10/13/2023 Elvin Meng

PhD Student, EALC & Comparative Literature

“The Paleography of Babble”

Time: October 13th, 3-5pm

Location: Center for East Asian Studies 319 (1155 E. 60th St)

Co-hosted by the East Asian Transregional History Workshop

This event is generously sponsored by the Council of Advanced Studies of the University of Chicago

 

Abstract: This paper traces out divergent genealogies of discourse around the status of language in relation to nature and culture in second-millennium Chinese and Inner-Asian thought. Focusing on multiple interpretations of a single figure—the newborn child learning to speak—in the intertwined lineages Chinese, Mongolian, and Manchu thought, this paper suggests that divergent conceptions of babbling as an activity that straddles any tentative nature-culture divide tend to reflect divergent conceptions of “culture” in a multilingual world. Dissenting from Sinocentric conceptions of language that have relegated non-(Chinese)-speech to the realm of non-culture, an Inner-Asian lineage can be traced that mobilizes earlier Buddhist semiotic discourses to construct concepts of language diversity (and the natural-ness of cosmic languages) compatible with the multilingual reality of Inner-Asian empires.
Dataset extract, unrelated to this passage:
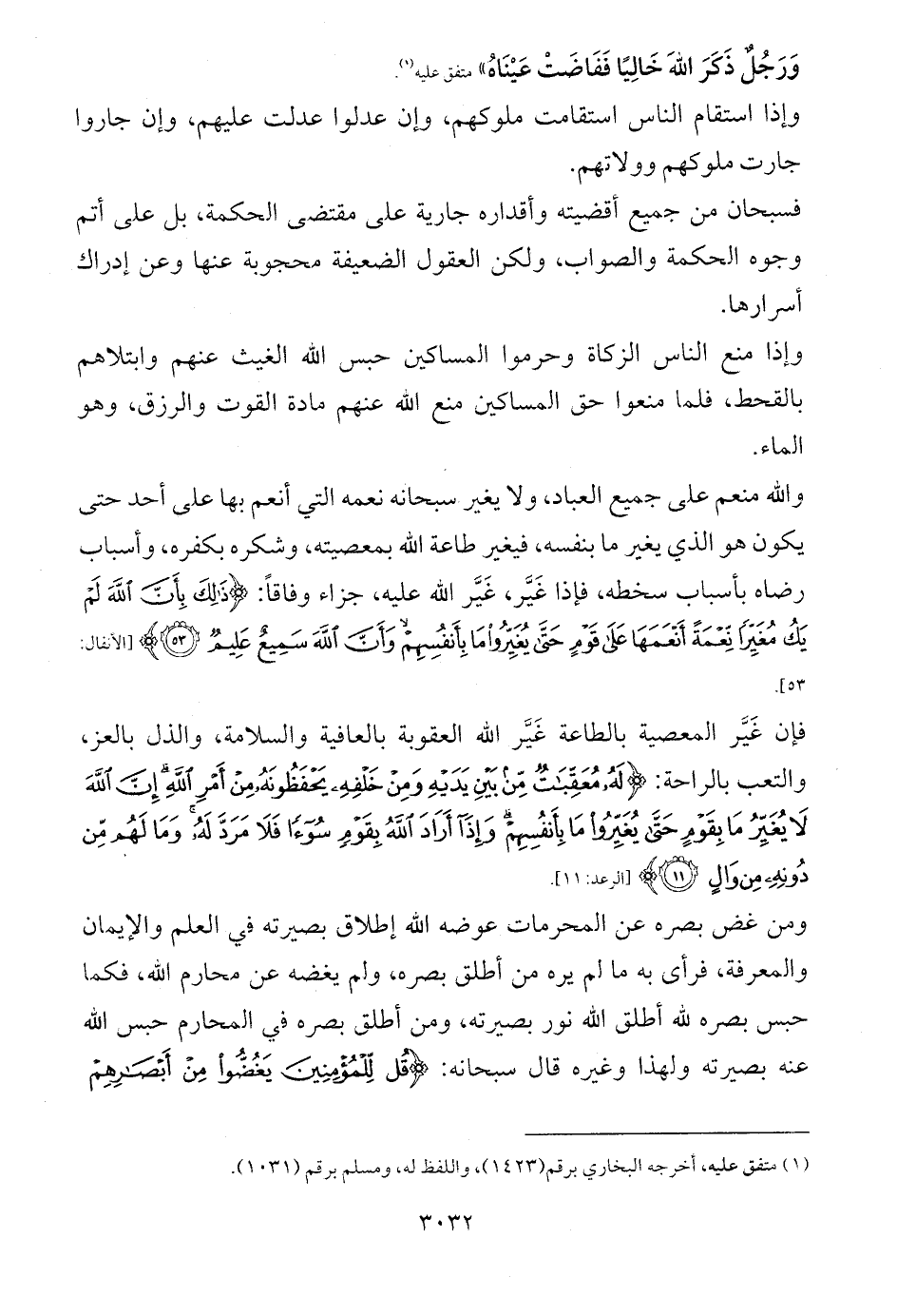 والله منعم على جميع العباد، ولا يغير سبحانه نعمه التي أنعم بها على أحد حتى يكون هو الذي يغير ما بنفسه، فيغير طاعة الله بمعصيته، وشكره بكفره، وأسباب رضاه بأسباب سخطه، فإذا غَيَّر، غَيَّر الله عليه، جزاء وفاقاً: {ذَلِكَ بِأَنَّ اللَّهَ لَمْ يَكُ مُغَيِّرًا نِعْمَةً أَنْعَمَهَا عَلَى قَوْمٍ حَتَّى يُغَيِّرُوا مَا بِأَنْفُسِهِمْ وَأَنَّ اللَّهَ سَمِيعٌ عَلِيمٌ (53)} [الأنفال: 53].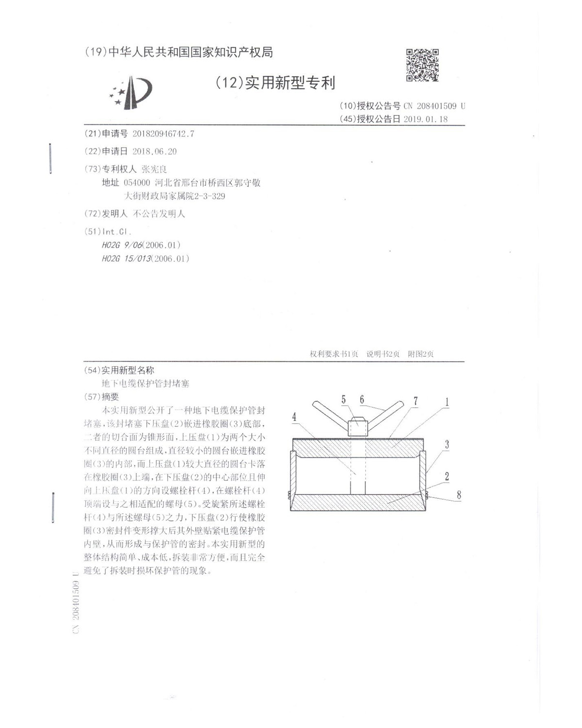電纜管封堵器又名阻水法蘭、止水法蘭和封堵法蘭,近年來(lái)封堵器在電網(wǎng)工程中發(fā)揮的作用越來(lái)越受到重視。我公司在總結(jié)了國(guó)內(nèi)外電纜管口封堵器優(yōu)缺點(diǎn)基礎(chǔ)上,成功研發(fā)生產(chǎn)了新型電纜管封堵器,并獲得了專(zhuān)利證書(shū)。專(zhuān)利號(hào):ZL 2018 2 0946742.7 。該專(zhuān)利產(chǎn)品投放市場(chǎng)使用5年多來(lái)封堵效果良好。目前我公司生產(chǎn)的封堵器有兩大類(lèi):空管封堵器KGD和有電纜管封堵器LGD,其中有電纜管封堵器部分產(chǎn)品是與優(yōu)質(zhì)廠家合作生產(chǎn)。具體說(shuō)明如下:

Presenter: Elvin Meng is a joint PhD student in the Department of Comparative Literature and the Department of East Asian Languages & Civilizations at the University of Chicago. His research interests include East Asian & European thought, media history & theory, translation, Manchu studies, history of linguistics & musicology, and modernism.

Discussant: Yiwen Wu is a PhD student in the joint program between East Asian Languages & Civilizations and Theater & Performance Studies at the University of Chicago. Her research centers on early modern Chinese and Japanese theater, with a focus on the dynamic relationship between role types, characters, and performance.